SecMarker "END-REQUEST-910-IP-REPUTATION"
  • Rule actions should appear in the following order, for consistency:
id
phase
allow | block | deny | drop | pass | proxy | redirect
status
capture
t:xxx
log
nolog
auditlog
noauditlog
msg
logdata
tag
sanitiseArg
sanitiseRequestHeader
sanitiseMatched
sanitiseMatchedBytes
ctl
ver
severity
multiMatch
initcol
setenv
setvar
expirevar
chain
skip
skipAfter
  • Rule operators must always be explicitly specified. Although ModSecurity defaults to using the @rx operator, for clarity @rx should always be explicitly specified when used. For example, write:
SecRule ARGS "@rx foo" "id:1,phase:1,pass,t:none"

instead of

SecRule ARGS "foo" "id:1,phase:1,pass,t:none"

Variable Naming Conventions

  • Variable names should be lowercase and should use the characters a-z, 0-9, and underscores only.
  • To reflect the different syntax between defining a variable (using setvar) and using a variable, the following visual distinction should be applied:
    • Variable definition: Lowercase letters for collection name, dot as the separator, variable name. E.g.: setvar:tx.foo_bar_variable
    • Variable use: Capital letters for collection name, colon as the separator, variable name. E.g.: SecRule TX:foo_bar_variable

Writing Regular Expressions

  • Use the following character class, in the stated order, to cover alphanumeric characters plus underscores and hyphens: [a-zA-Z0-9_-]

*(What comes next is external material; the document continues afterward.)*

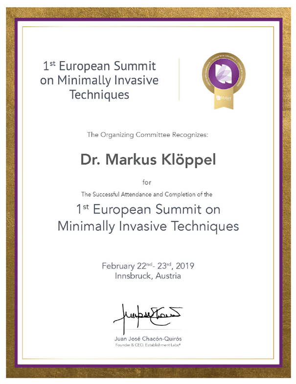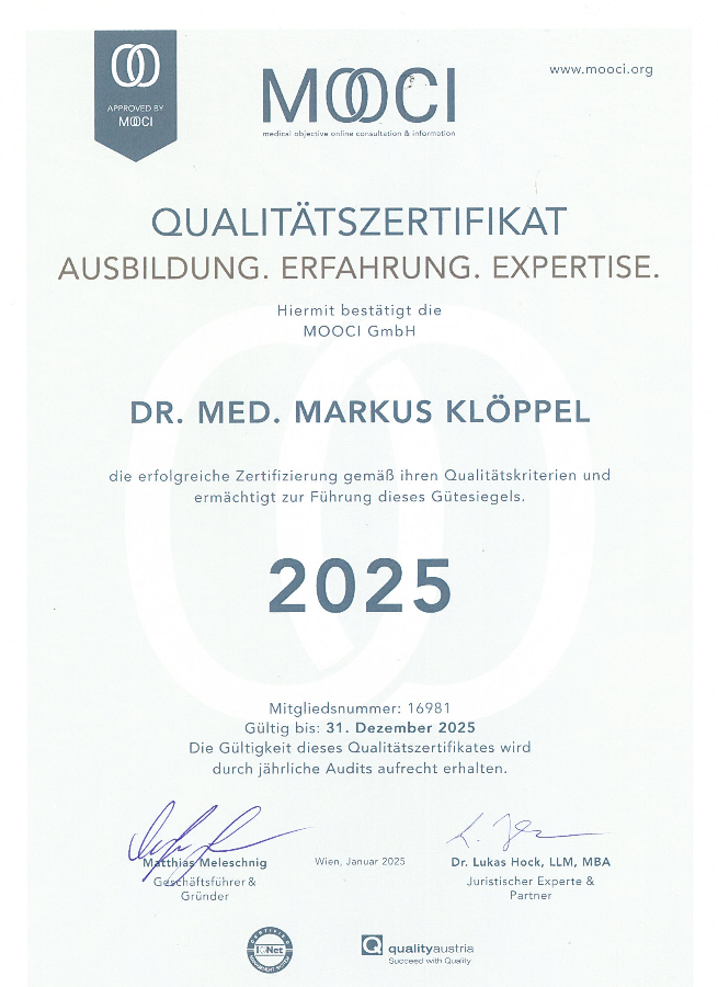 Dr. Klöppel arbeitet nach wie vor eng mit den universitären Forschungsabteilungen zusammen, um sicher zu stellen, dass seine Patienten medizinisch, wissenschaftlich und technisch stets auf höchstem Niveau behandelt werden.

Portable Backslash Representation

CRS uses \x5c to represent the backslash \ character in regular expressions. Some of the reasons for this are:

  • It’s portable across web servers and WAF engines: it works with Apache, Nginx, and Coraza.
  • It works with the crs-toolchain for building optimized regular expressions.

The older style of representing a backslash using the character class [\\\\] must not be used. This was previously used in CRS to get consistent results between Apache and Nginx, owing to a quirk with how Apache would “double un-escape” character escapes. For future reference, the decision was made to stop using this older method because:

  • It can be confusing and difficult to understand how it works.
  • It doesn’t work with crs-toolchain.
  • It doesn’t work with Coraza.
  • It isn’t obvious how to use it in a character class, e.g., [a-zA-Z<portable-backslash>].

Forward Slash Representation

CRS uses literal, unescaped forward slash / characters in regular expressions.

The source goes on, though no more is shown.